The leading cause of antibiotic resistance-associated death in the US is the Gram-positive pathogen Staphylococcus aureus. Many antibiotics used to treat S. aureus, including the beta-lactams, target biogenesis of the essential peptidoglycan (PG) cell wall, predominantly by inhibiting the PG synthases. As beta-lactam resistance spreads, it is important to identify new antibiotic targets. Other enzymes involved in building PG, including the PG hydrolases, serve as promising candidates due to their importance for fitness, virulence, and antibiotic resistance. Given the potentially destructive nature of hydrolytic enzymes, they must be carefully regulated; disrupting their regulation is another antibiotic strategy. Mechanisms of hydrolase regulation are just beginning to be understood. Our lab has recently identified two direct protein regulators of hydrolases in S. aureus. Mutant strains of either of these complexes have growth and virulence defects, and they are particularly sensitive to the beta-lactam oxacillin. They are thus potential targets for beta-lactam re-sensitizing agents. The first regulator identified is ActH, which activates the amidase LytH. LytH-ActH cleaves stem peptides to control availability of PG substrates, regulating where new PG is made around the cell. The second, SpdC, controls the product distribution of the glucosaminidase SagB. In unpublished work, we propose that SagB-SpdC acts as a PG release factor, cleaving nascent PG strands to separate them from the membrane and allow their incorporation into the cell wall matrix. These regulators are each the first of their kind, and preliminary bioinformatic analyses suggest similar complexes exist in other bacteria. Furthermore, ActH and SpdC resemble the rhomboid and CAAX proteases respectively, but their hydrolase-regulating functions do not require protease activity. These regulator roles are novel functions for these ubiquitous families of proteins. The overarching goal of the proposed research is to uncover the mechanisms by which these regulators act and to identify additional enzymes that function as peptidoglycan release factors. These advances will reveal new therapeutic avenues to kill resistant bacteria.
Aim 1 will uncover the mechanism of how ActH activates LytH. The minimum domains required for LytH-ActH complexation and activity will be determined using truncation mutants. To facilitate these studies and build on existing chemical tools from our lab, a continuous, high-throughput assay for amidase activity will be developed; this assay will also enable future screening for amidase inhibitors.

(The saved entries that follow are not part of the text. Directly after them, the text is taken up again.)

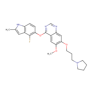 Recentin; AZD 2171; AZD2171; M6294; AZD-2171; ZD-2171; AZD2171, Recentin, Cediranib; Cediranib (USAN/INN); 4-[(4-fluoro-2-methyl-1H-indol-5-yl)oxy]-6-methoxy-7-(3-pyrrolidin-1-ylpropoxy)quinazoline; 4-[(4-fluoro-2-methyl-1H-indol-5-yl)oxy]-6-methoxy-7-[3-(pyrrolidin-1-yl)propoxy]quinazoline
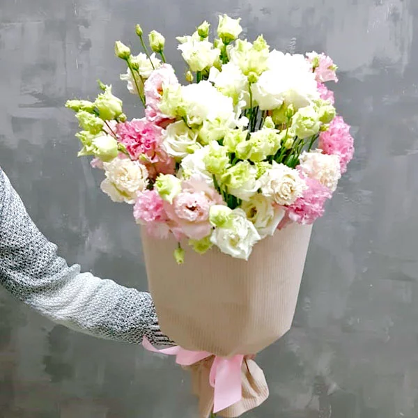 Стандартный: эустома розовая - 7 шт., эустома белая - 4 шт., декоративная зелень, упаковка крафт, лента розовая.
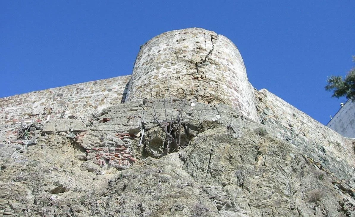 Fase 1. Construcción del torreón y los lienzos aledaños, en un momento indeterminado (islámico o portugués de los siglos XV-XVI). Hemos de tener en cuenta que en fechas recientes se efectuó una excavación arqueológica por la empresa Arqueotectura S.L.L. al pie de estas estructuras, con motivo de diversas obras de infraestructuras, que dejó al descubierto restos de viviendas bajomedievales del arrabal de Enmedio edificadas extramuros al pie del cortado.
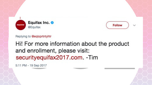 Firma bunun üzerine hemen Twitter üzerinden destek hattı açtı ve yukarıda gördüğünüz adresi verdi. Yalnız Equinax'ın açmış olduğu destek sayfasının adresi equifaxsecurity2017'ydi, tweette yazan adres değil. Dahası, tweetteki adres bir 'olta' sitesine aitti, yani asıl sayfanın benzerini yapıp kullanıcı bilgileri çalmak için kurulmuş olan bir siteydi. Uyarılara rağmen yanlış adresle üç tweet daha attılar, ancak ondan sonra hatalarını fark ettiler. Sorsan siber güvenlik.
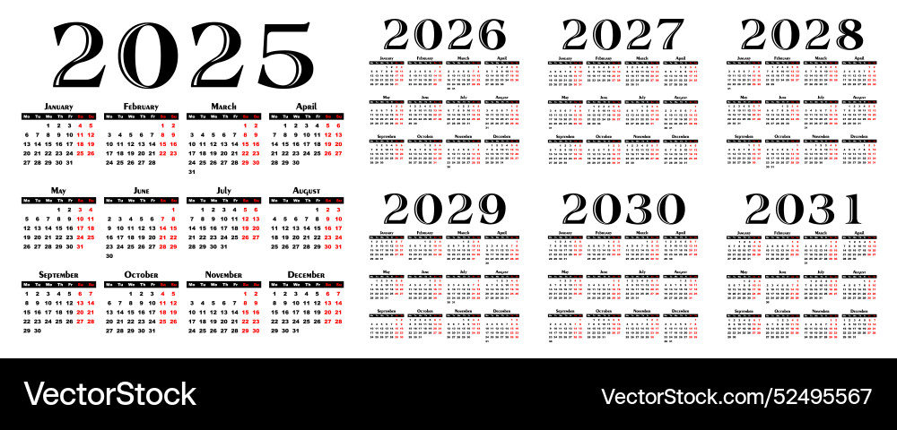 2025 2026 2027 2028 Year Calendar Vector Design Template Stock Vector
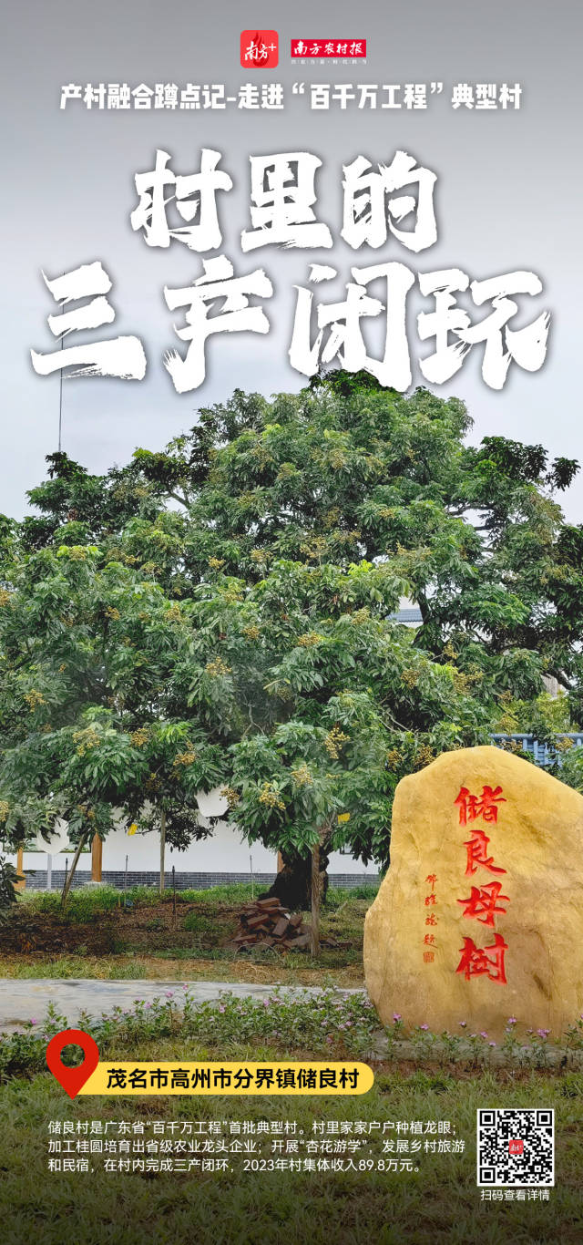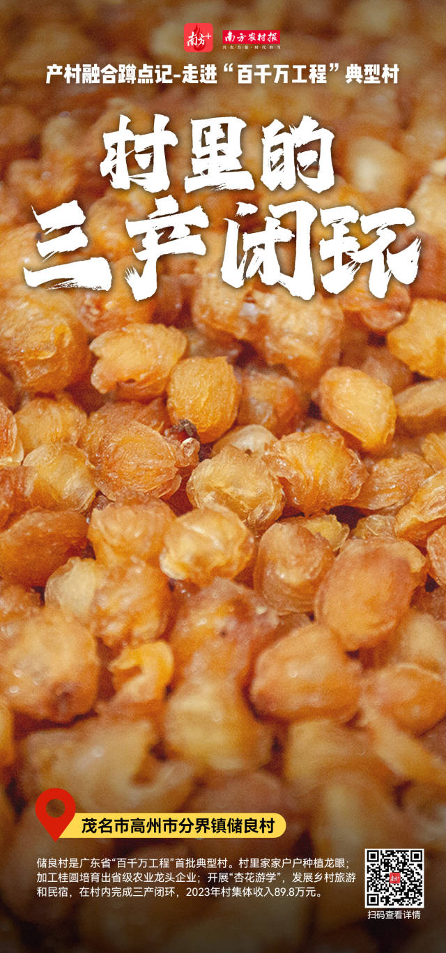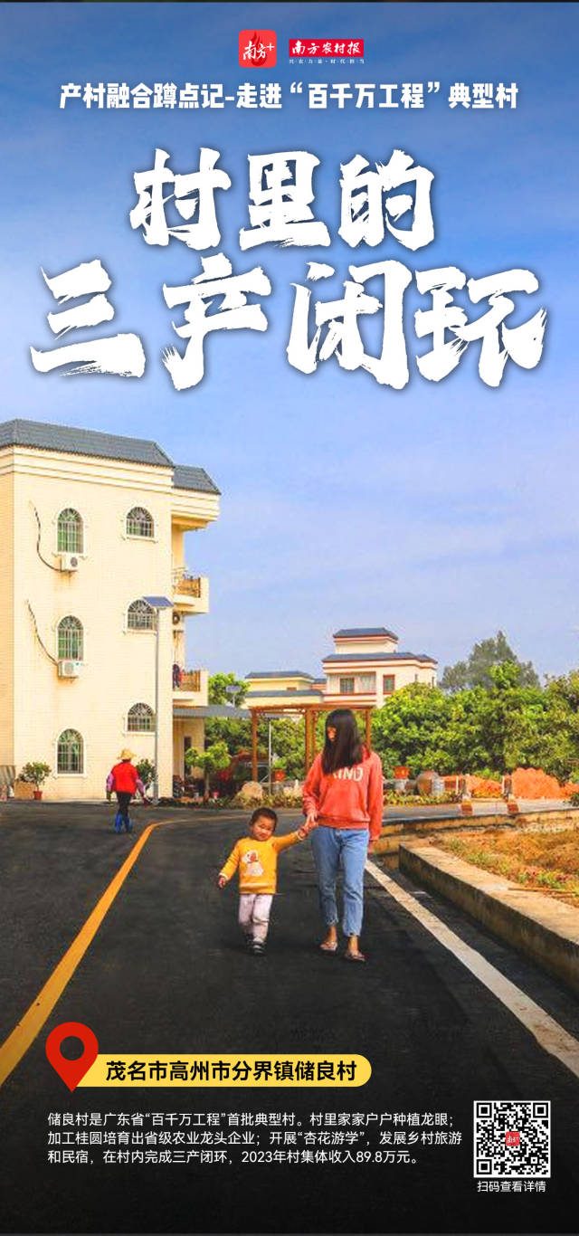 随着研学的壮大、储良村在村内形成了三产闭环,一产以种植荔枝龙眼为主;二产以桂圆肉加工,村里涌现出升级现代农业龙头企业;三产发展、旅游、民宿研学,“杏花研学”成为新招牌。“新村民”的入驻,也让全村焕发出新活力。
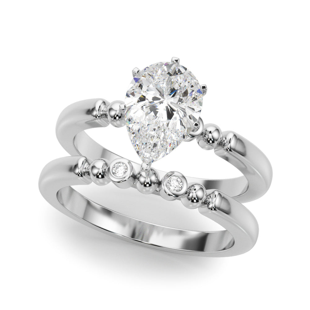 White gold Pear Solitaire Beaded Band with Four-Prong Setting
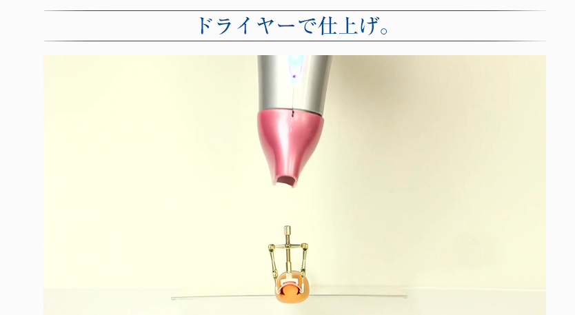 温浴効果で爪は驚くほど柔らかくなります。柔らかい爪は形を変えることも簡単ですが、逆に元の変形状態にも戻りやすいので、ドライヤーでしっかりと乾燥させ、仕上げをします。お湯で柔らかくした爪は、矯正後にしっかりと乾燥させることによって、矯正した形のまま、約10分で元の爪の硬さに戻すことができるのです。お湯とドライヤーで爪の形を、手早く、思いのままに。これも寝ぐせを直す仕組みと同じ、驚きの早さの隠れたヒミツなのです。
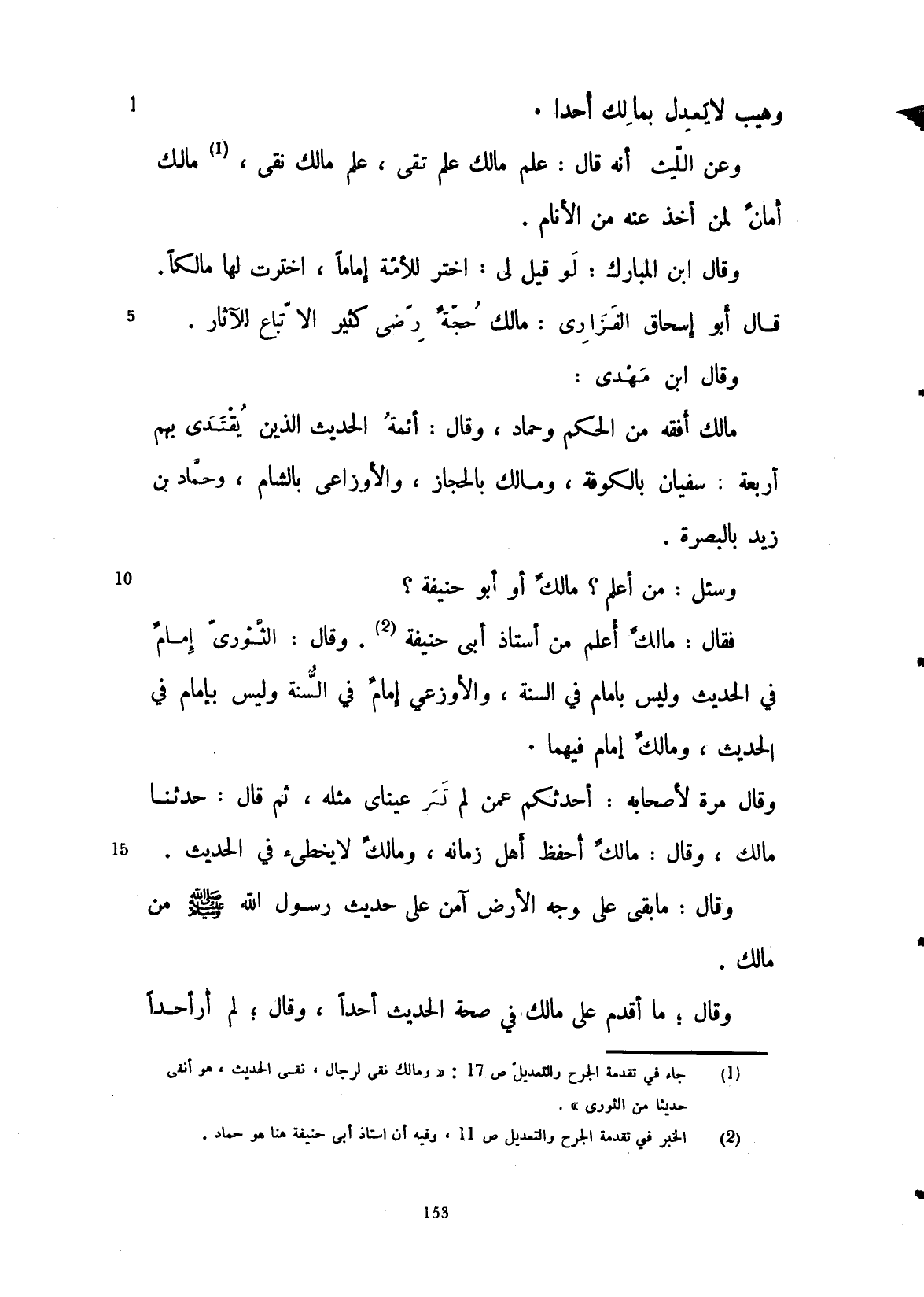 ثم قال حدثنا مالك، وقال مالك أحفظ أهل زمانه، ومالك لا يخطىء في الحديث، وقال لم يبق على وجه الأرض آمن على حديث رسول الله صلى الله عليه وسلم من مالك.

Aim 2 will characterize the dependence of SagB-SpdC activity on the lipid of a PG substrate and identify the lipid binding site on SpdC, using a biolayer interferometry-based substrate binding assay and crosslinking experiments between the substrate and SpdC. Finally, aim 3 will employ a functional genomics approach to identify other enzymes that can release PG strands in the absence of SagB-SpdC. This work will uncover how SagB-SpdC is functionally connected to other cellular processes, revealing new vulnerabilities in S. aureus that can be therapeutically exploited.
New antibiotics are needed to treat resistant strains of Staphylococcus aureus. Peptidoglycan hydrolases are potential targets because of their important roles in cell wall biogenesis, virulence, and fitness. The work proposed here will elucidate the mechanisms of two regulated hydrolase complexes in S. aureus and reveal connections between these enzymes and other cell wall pathways that can be exploited for therapeutic design.